After you’ve installed the system, edit this drawing as necessary to document the “as-built” system. This document, along with the pre-burial photographs, will help you find the buried tubing and outlets in the future. Add all final drawings to your Operation and Maintenance Manual (O&M) manual (see here).
Sketch of system
Most front-loading washing machines have an internal filter to keep large particles out of the pump. Over time the filter clogs, which adds strain on the pump and can prevent it from evacuating all the water from the machine. Before installing a greywater system and anytime the machine struggles to pump out the water, clean the pump filter. Remove the front cover to reach the filter, unscrew the filter cover, and be prepared for a few gallons of water to spill out. Clean out the filter and put it back in place. If you don’t have the owners manual, you can find instructions online for various models of washing machines by searching with the phrase “how to clean your pump filter,” or you can consult a washing machine repair person for assistance.

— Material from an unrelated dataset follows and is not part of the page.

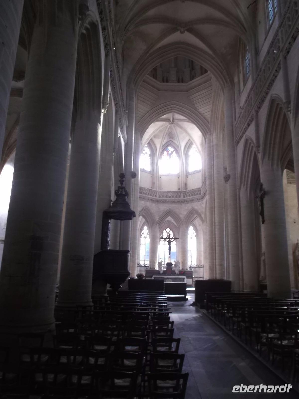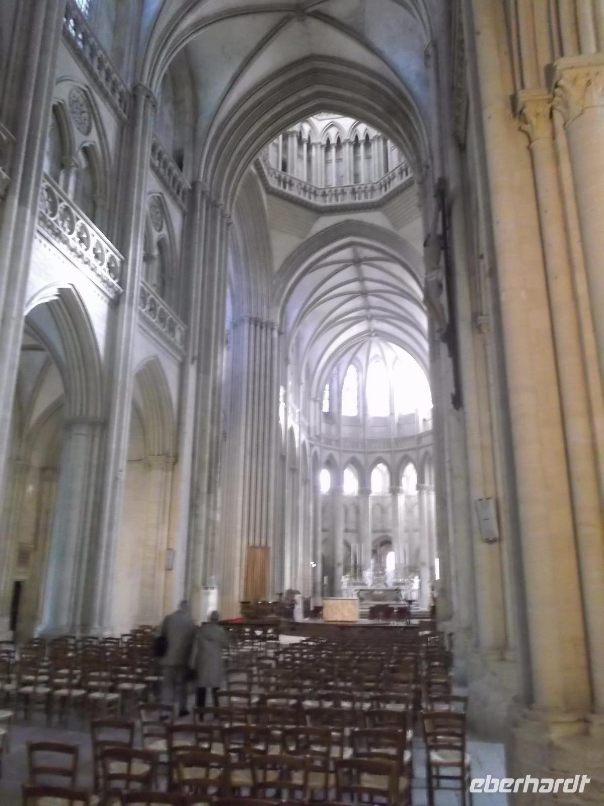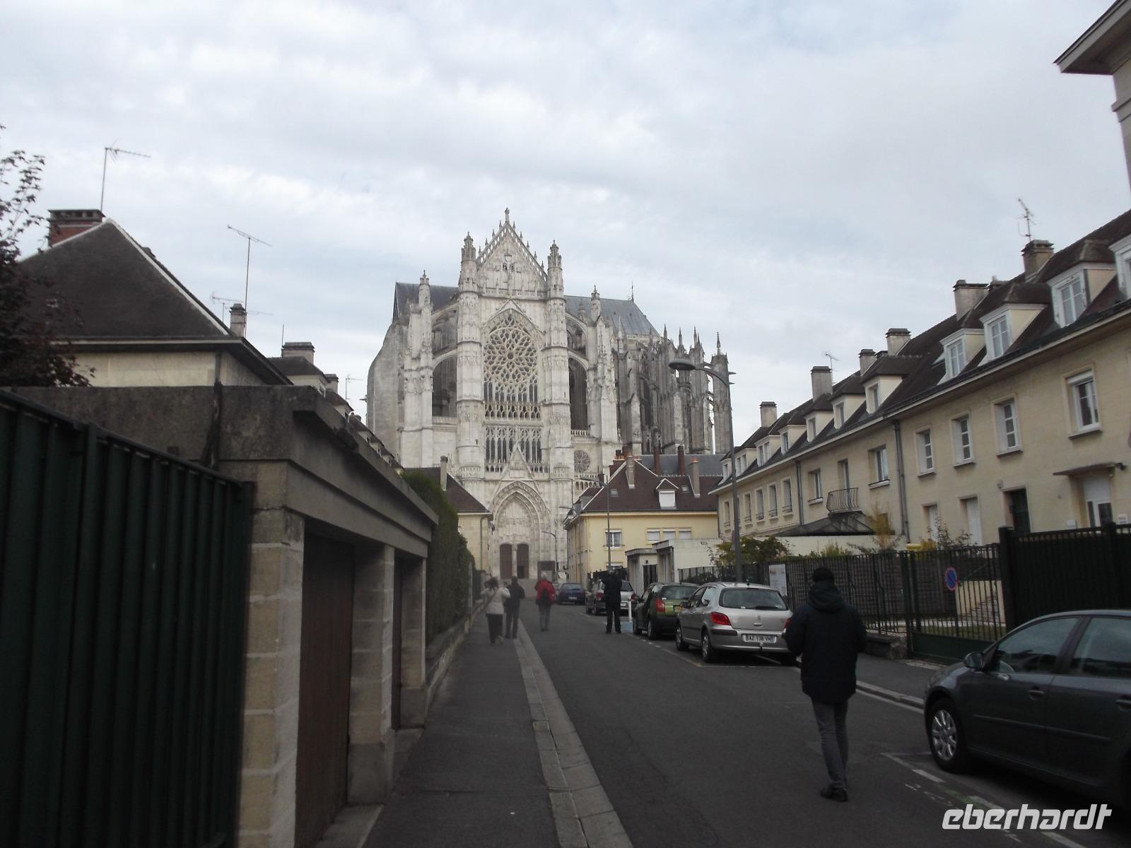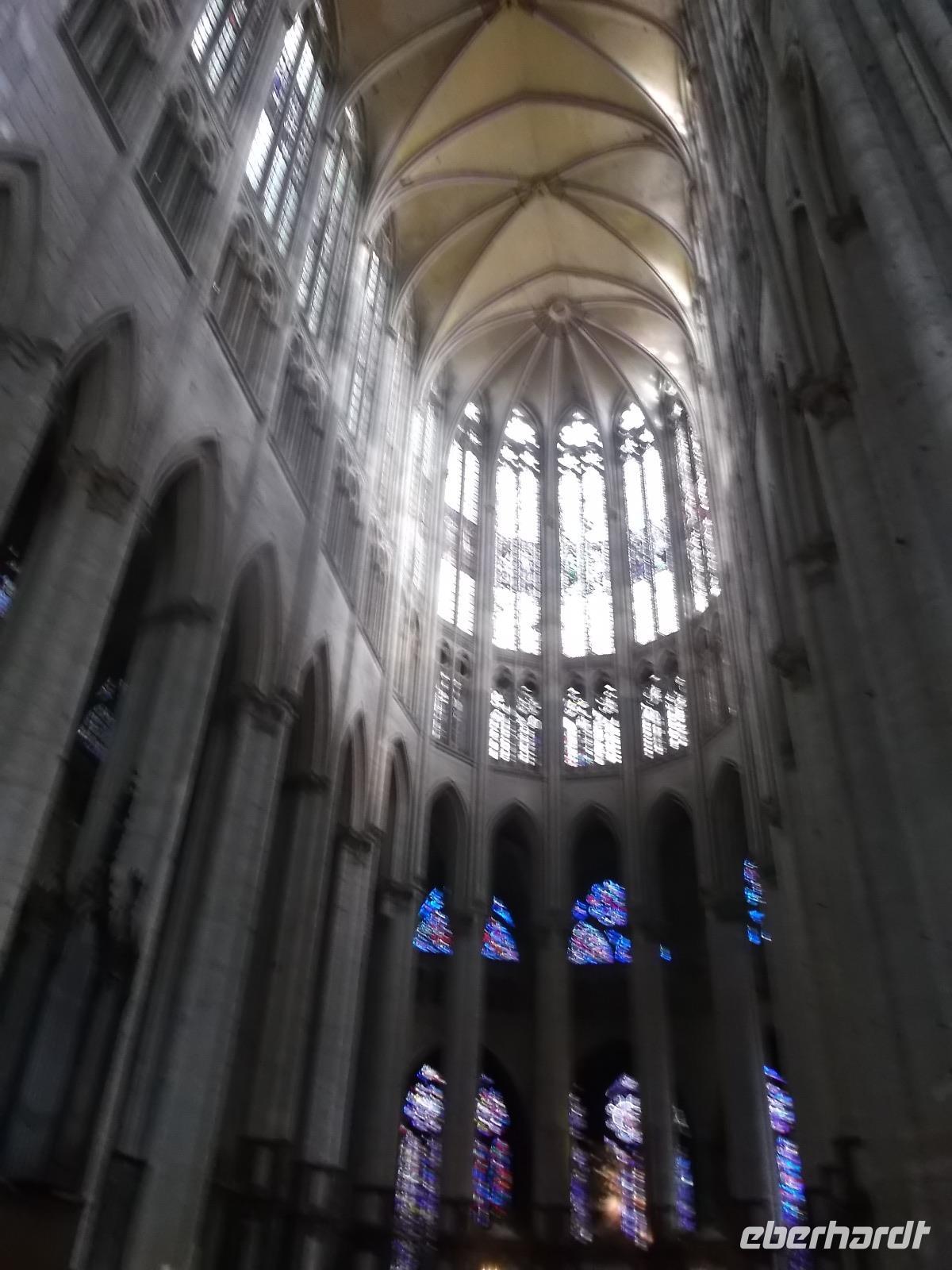 Nach unserem Aufenthalt verließen wir die Küste und fuhren ins Landesinnere. Nur noch ein Programmpunk blieb, bevor es endgültig in Richtung Heimat gehen würde. Da hatten wir die Normandie bereits verlassen und hielten an in Beauvais. Die alte Bischofsstadt wird dominiert von ihrer niemals fertiggestellten Kathedrale. Obwohl das Mitte des 13. Jh. begonnene Bauwerk nur aus Querschiff und Chor mit Apsis und Seitenkapellen besteht, zieht dieses Wunderwerk der Gotik alljährlich hunderttausende Touristen an. Der Grund dafür - und der führte auch uns hierher - ist die Tatsache, dass hier das höchste gotische Gewölbe der Welt existiert. Mit 48,50 m Höhe versetzt es nicht nur Besucher Statiker in Erstaunen, es läßt auch erahnen, wie unglaublich gewaltig das Bauwerk auf die Gläubigen des Mittelalters gewirkt haben muss. Selbst die etwas früher gebaute Kathedrale von Amiens, der größte Sakralbauwerk Frankreichs, die das zweithöchste Gewölbe hat, kann hier nicht mithalten.

Greywater pipes can’t run over hardscape. If you need to pass through a driveway, stairs, or a patio to run the pipe to the landscape, you can:
Working pipes around hardscape
Here is an example of an L2L system for a three-person household in Austin, Texas. They wash four loads of laundry a week at 25 gallons a load and never wash more than two loads on any given day. This is the basic information they need to design the irrigation and infiltration area for their system:
When they assessed the site, they found that their existing irrigation system had three zones. One of the zones irrigated five small trees (3-foot radius from trunk to drip line), which were the most suitable plants for an L2L system (the other plants were small and spread out). They could slope the pipe downward as it traveled under the house, then run it 10 feet to reach the first tree; all the trees were within 50 feet of where the pipe traveled flat. This zone of trees seemed to be easiest to irrigate, so they checked to see if the greywater production was a good match for the trees (was it too much or too little water?). In terms of irrigation amount, each tree would receive 100/5 = 20 gallons per week. Austin gets some summer rain to supplement greywater during the hottest time of the year.
They calculated the plant water requirements using both methods from chapter 5, starting here.
Using the “rule of thumb” method, one small tree requires:
πr2 = 3 × 3 × 3 feet = 27 square feet
27 square feet × 1 (hot climate) = 27 gallons per week
Using the ET method, a tree of this size in Austin requires:
0.62 × 27 square feet × 0.5 × 8.21 (ET) = 69 gallons/month or 17 gallons/week
This demonstrates that 20 gallons a week is a good amount of irrigation water for each tree in this climate.
Next, they determined how large each mulch basin should be to infiltrate greywater into the ground. Based on the soil type and gallons per day calculated above, the system requires 30 square feet of mulch basin area. Since the water will be divided among five different trees, each tree needs basin at least 30 ÷ 5 or 6 square feet.
A “second standpipe” system is another option for a washing machine greywater system. It includes a secondary standpipe installed near the washing machine to drain by gravity to the landscape. To switch between the greywater and the sewer/septic systems, you manually move the washing machine’s drain hose from one standpipe to the other.
Second standpipe systems are most commonly used in hot climates that have relatively high water requirements per tree, because it’s harder to distribute greywater to many plants. The irrigation portion of the system is installed with a branched drain configuration system (see Installing a Branched Drain System for installation details).